Eventually, however, Indian companies would like to bring their drugs to market by themselves. NPIL has repeatedly stated that it would like to market its own drug by 2010 or 2011, with the lofty goal of developing that drug for under $100 million.
And though Dr. Reddy's current strategy is to work with partners after the proof-of-concept stage or around Phase II trials, the long-term plan is to commercialize products by itself. Kumar likens the evolution of Indian drug companies to that of those in Japan, which first strengthened their basic research capabilities, then learned the drug development process from their partners.
"There's no reason why Dr. Reddy's couldn't do a Phase III trial itself," Kumar says. "But we wouldn't want to do that until we have the right skills, particularly since a Phase III trial is so resource-consuming."
Such ambitions are admirable, but could be years off closing the science gap, which will require teaching an industry how to discover and develop novel drugs, will not be completed overnight.
But the maturation of one company can really catalyze the industry, Loren notes. In the U.S. industry, for example, early successes at Amgen and Genentech created a team of experienced scientists who eventually moved to other biotech firms, essentially seeding the industry. In India, Loren expects that Dr.

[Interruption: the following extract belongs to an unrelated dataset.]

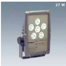
Proiettore con lampade Led 25 W
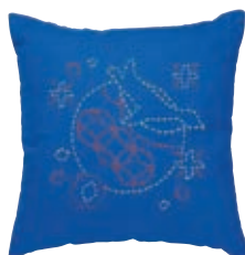
しっぽう ペンギンと七宝つなぎ 糸の色：黄・オレンジ

Reddy's, which has the most developed program, will likely plant those seeds.
And as Indian companies begin to generate money, they may acquire small U.S. biotech firms that will bolster their pipelines and supply some of the R&D know-how the industry is lacking.
"This is not an overnight process," Loren says. "There are some who simply believe that sheer numbers are going to push this industry forward, but that's not how it works." Instead, there's a natural evolution happening that will, Loren predicts, make India a global contender in drug discovery within the next decade.